1) Yes. And worst case is that you may lose 1 message, but you may have
more than one duplicates per partition since the commit thread will call
CommitOffset periodically.
2). I think locking is also fine, since it will just lift the thread
waiting on the lock, which is better than spin-lock since that still takes
CPU.
Guozhang
On Thu, Nov 21, 2013 at 4:55 PM, Edward Capriolo <edlinuxg...@gmail.com>wrote:
> You likely need to use a custom offset solution if you plan on committing
> every message. With many partitions this puts a large burden on Zookeeper,
> you end up needing to roll over your zk transaction logs fast as well or
> rist filling up disk
>
>
> On Thu, Nov 21, 2013 at 6:20 PM, Guozhang Wang <wangg...@gmail.com> wrote:
>
> > Hello Imran,
> >
> > The offset will only be updated when the next() function is called:
> >
> > override def next(): MessageAndMetadata[K, V] = {
> > ...
> > *currentTopicInfo.resetConsumeOffset(consumedOffset)*
> > ...
> > item
> > }
> >
> > instead of in makeNext(), which will just update consumedOffset, but that
> > is not the value that will be committed using the commitOffset call. So
> as
> > long as you turn of auto commit and only call commitOffset after the
> > process(msg) call, not after the
> >
> > b = iter.next()
> >
> > is called, at-least-once is guaranteed.
> >
> > Does that make sense?
> >
> > Guozhang
> >
> >
> > On Thu, Nov 21, 2013 at 2:14 PM, Imran Rashid <im...@therashids.com>
> > wrote:
> >
> > > sorry to keep bugging the list, but I feel like I am either missing
> > > something important, or I'm finding something wrong w/ the standard
> > > consumer api, (or maybe just the docs need some clarification).
> > >
> > > I started to think that I should probably just accept at least once
> > > semantics ... but I eventually realized that I'm not even sure we
> > > really get an at least once guarantee. I think it really might be
> > > zero-or-more. Or rather, messages will get pulled off the kafka queue
> > > at least once. but that doesn't mean your app will actually *process*
> > > those messages at least once -- there might be messages it never
> > > processes.
> > >
> > > Consider a really basic reader of a kafka queue:
> > >
> > > while(it.hasNext()){
> > > val msg = it.next()
> > > doSomething(msg)
> > > }
> > >
> > > the question is, do I have any guarantees on how many times
> > > doSomething() is called on everything in the queue? I think the
> > > "guarantee" is:
> > > 1) most messages will get processed excatly once
> > > 2) around a restart, a chunk of msgs will get processed at least once,
> > > but probably more than once
> > > 3) around a restart, it is possible that one message will get
> > > processed ZERO times
> > >
> > > (1) & (2) are probably clear, so lemme explain how I think (3) could
> > > happen. Lets imagine messages a,b,c,... and two threads, one reading
> > > from the stream, and one thread that periodically commits the offsets.
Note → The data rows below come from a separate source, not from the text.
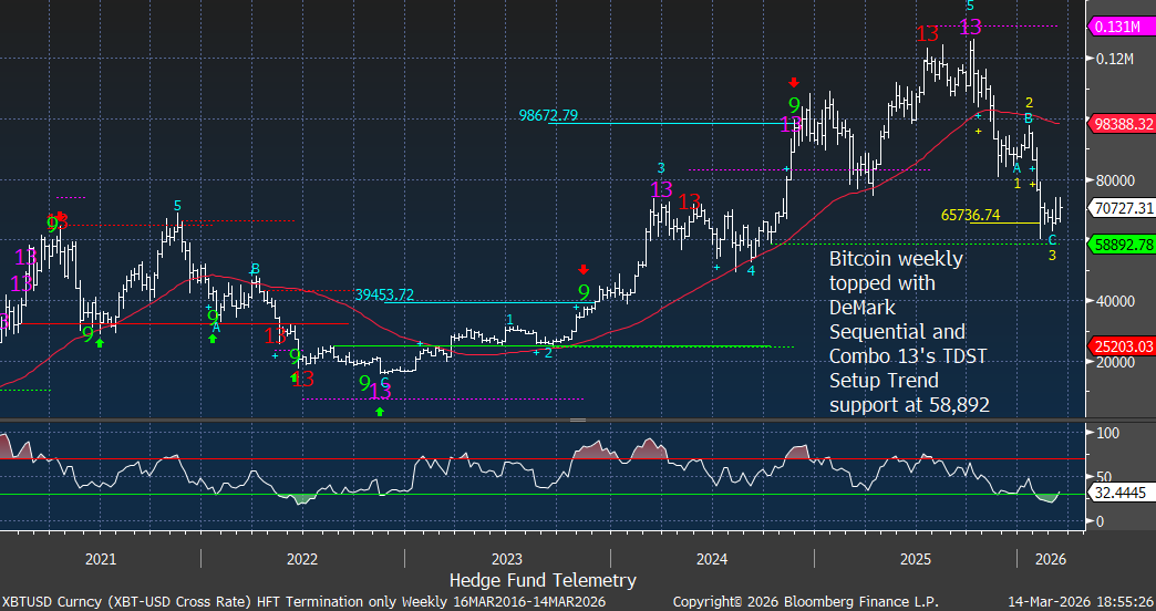 Bitcoin rolled over after registering DeMark exhaustion signals. Crypto often functions as a barometer of speculative risk appetite, and weakening momentum reinforces the message from equity internals. Achieved downside wave 3 of 5 price objective of 65k. A corrective wave 4 bounce is possible and would qualify with a 13 week closing high. So it will take some time if the bounce qualifies wave 4 of 5. Breaking the TDST Setup Trend support at 58,892 could see a much further decline.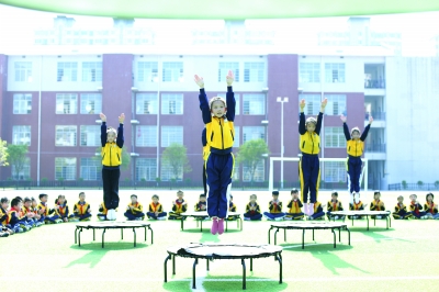 为丰富学生的课余生活,宁远县德源小学将跳蹦床、跳皮筋、丢沙包等一系列游戏活动引入课间,为青少年健康成长赋能。12月4日课间时分,伴随着音乐,学生们在蹦床上实现自由弹跳。 刘丽 摄影报道
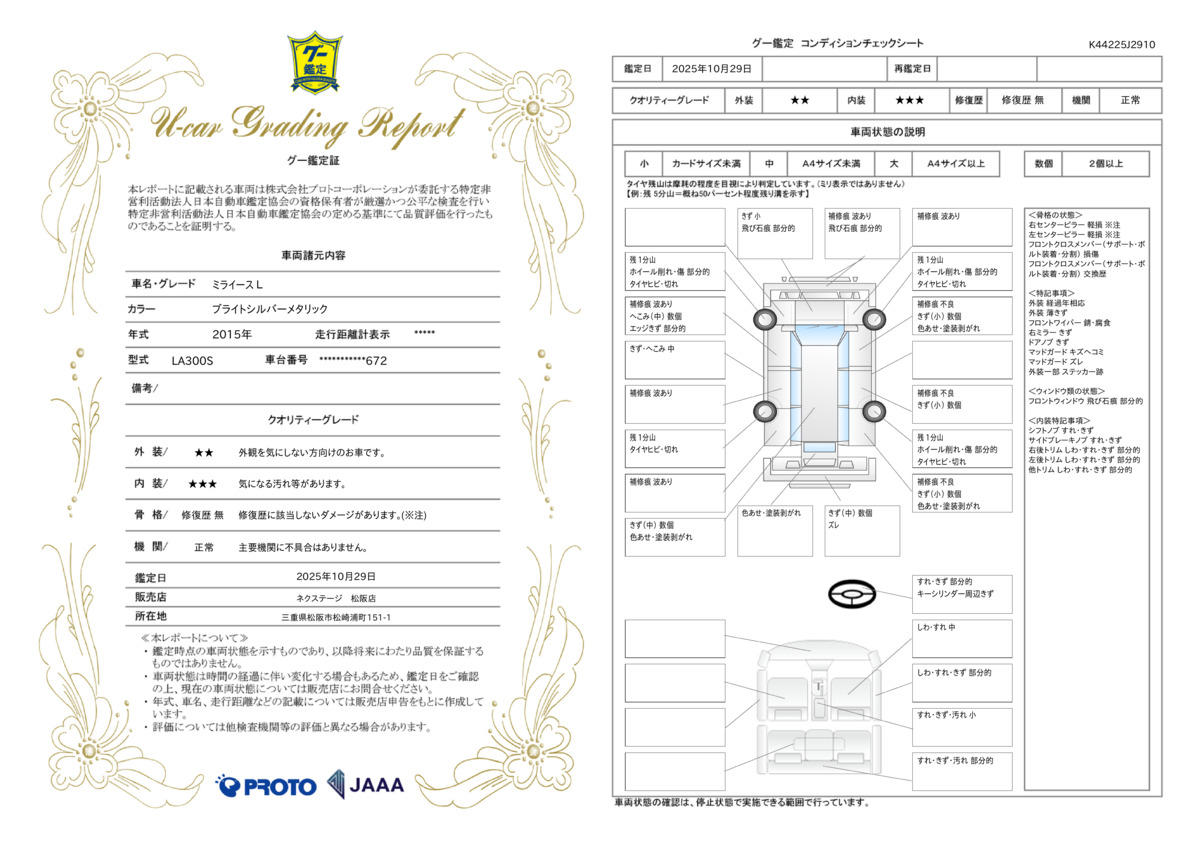 | 車両状態評価書 | ※クリックすると開きます![]() |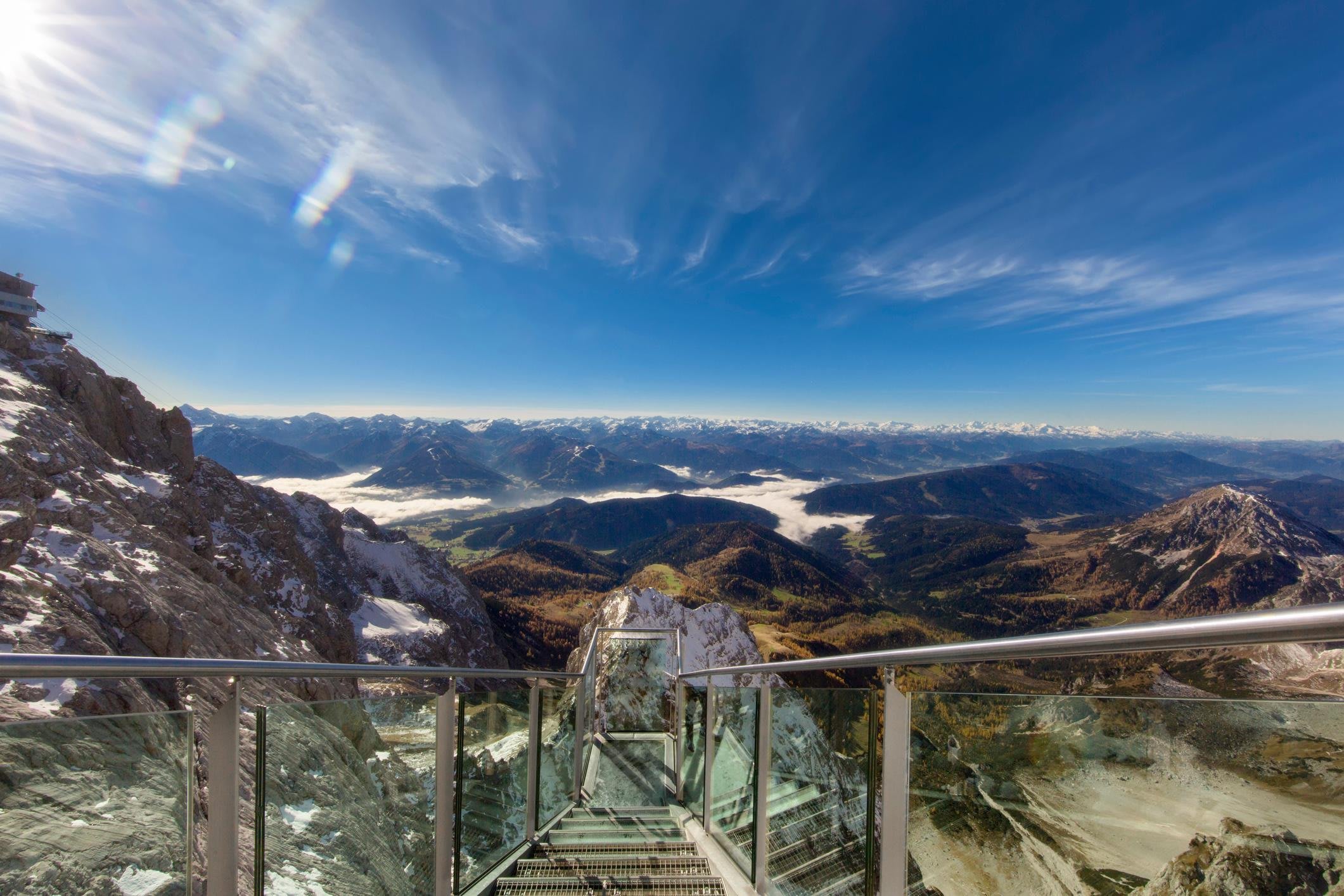 Это воздушное чудо расположено на высоте в 2 700 метров в Альпах и состоит из смотровой площадки со стеклянным дном, подвесного моста и лестницы в никуда - невероятного сооружения в 14 ступеней, которая открывает потярсающий вид на ледник Дахштайн.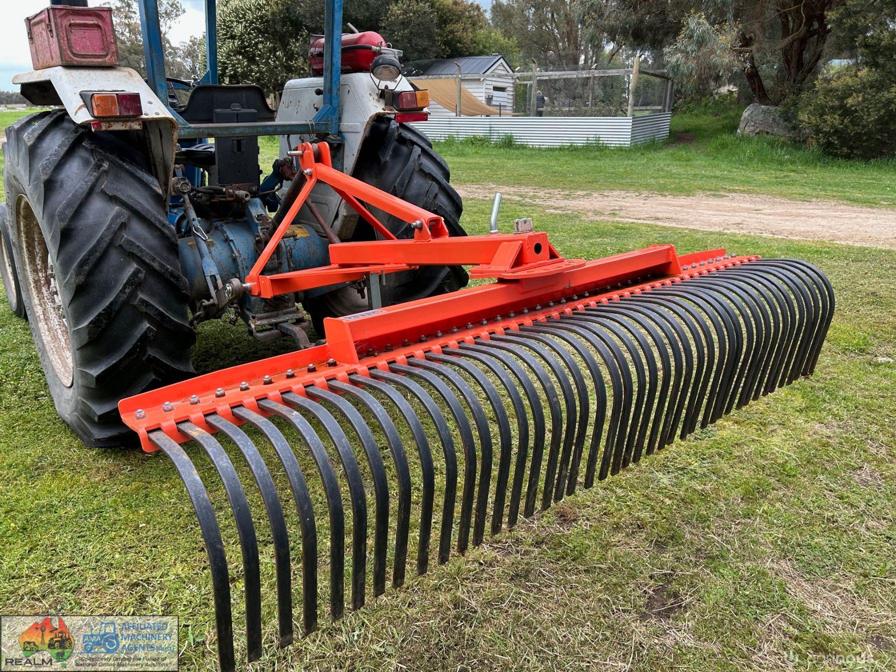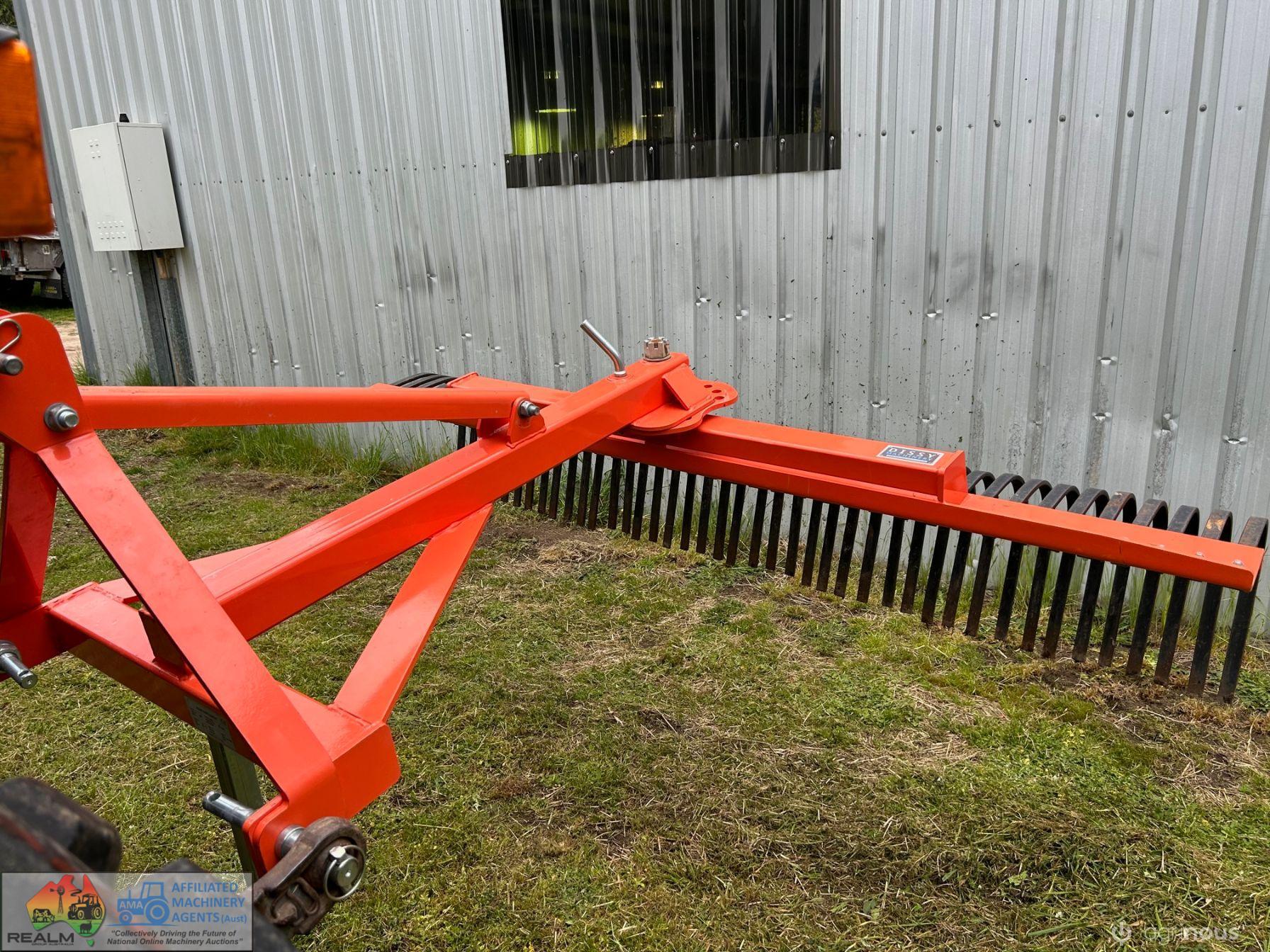 Dissy 3PL adjustable Stick Rake. 2.1metre (7ft) ~ HD tynes ~ Had very little use. ~ Comes with Euro hitch coupling & brackets for use as FEL pusher rake, ~ Presents near new condition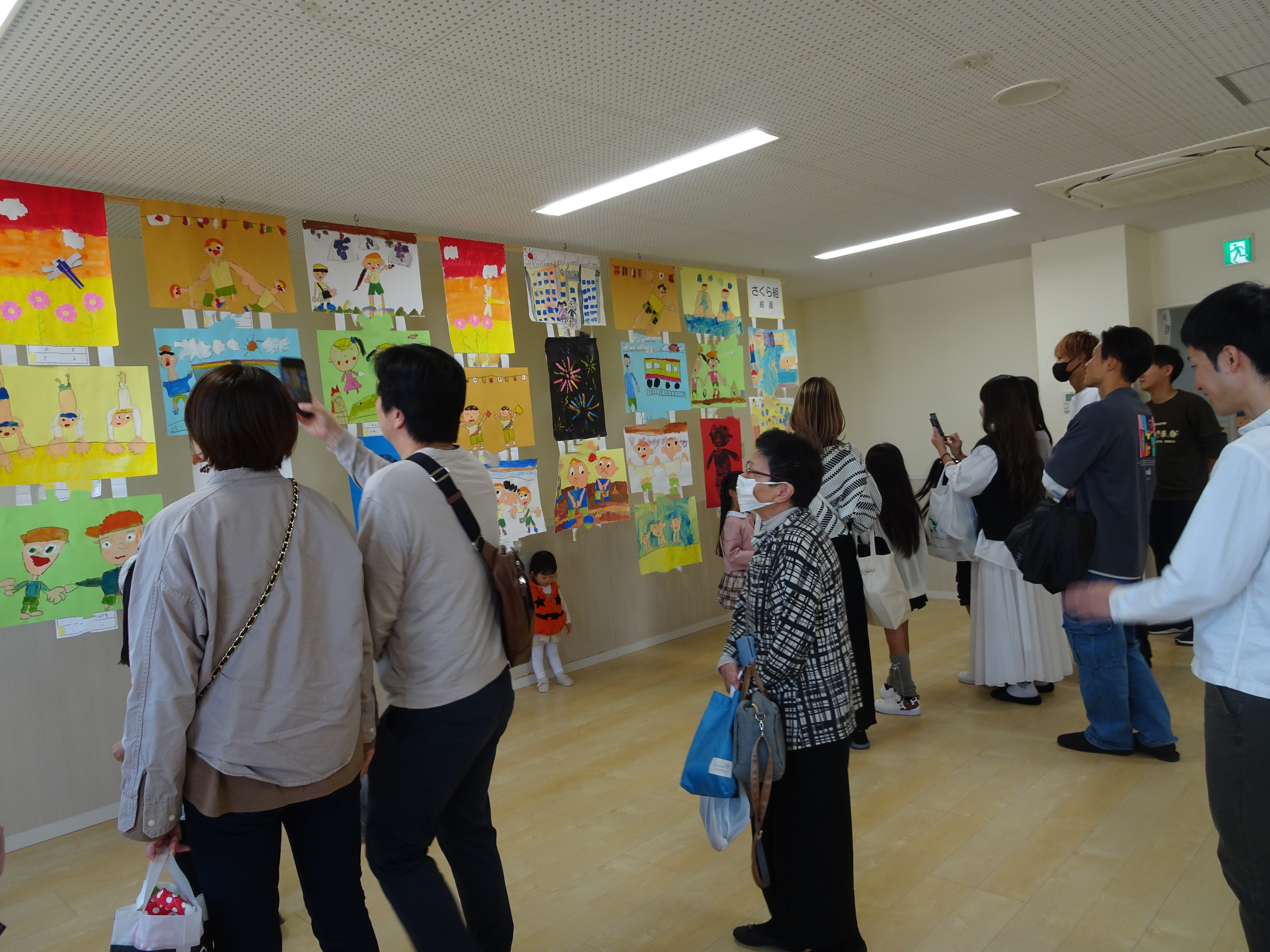 今日は、作品展がありました。秋晴れの土曜日!お父さん・お母さん・おじいちゃま・おばあちゃまも見に来てくださり、ダイナミックに表現した絵画や、親子で作った作品を観覧して頂きました。

> > > Imagine this sequence of events:
> > >
> > >
> > > ==Reader==
> > > -initializes w/ offset pointing to "a"
> > >
> > > -hasNext()
> > > ---> makeNext() will read "a"
> > > and update the local offset to "b"
> > >
> > > -msg = "a"
> > >
> > > -doSomething("a")
> > >
> > > -hasNext()
> > > ----> makeNext() will read "b"
> > > and update the local offset "c"
> > >
> > > ==Commiter==
> > >
> > > -commitOffsets stores the current offset as "c"
> > >
> > >
> > >
> > > =====PROCESS DIES=====
> > > ===== RESTARTS =====
> > >
> > > ==Reader==
> > > -initializes w/ offset pointing to "c"
> > >
> > > -hasNext()
> > > --> makeNext() will read "c"
> > > and update local offset to "d"
> > > -msg = "c"
> > > -doSomething("c")
> > > ...
> > >
> > >
> > >
> > > note that in this scenario, doSomething("b") was never called.
> > > Probably for a lot of applications this doesn't matter. But seems
> > > like it this could be terrible for some apps. I can't think of any
> > > way of preventing it from user code. unless, maybe when the offsets
> > > get committed, it is always *before* the last thing read? eg., in my
> > > example, it would store the next offset as "b" or earlier?
> > >
> > > Is there a flaw in my logic? Do committed offsets always "undershoot"
> > > to prevent this?
> > >
> > > thanks,
> > > Imran
> > >
> >
> >
> >
> > --
> > -- Guozhang
> >
>
--
-- Guozhang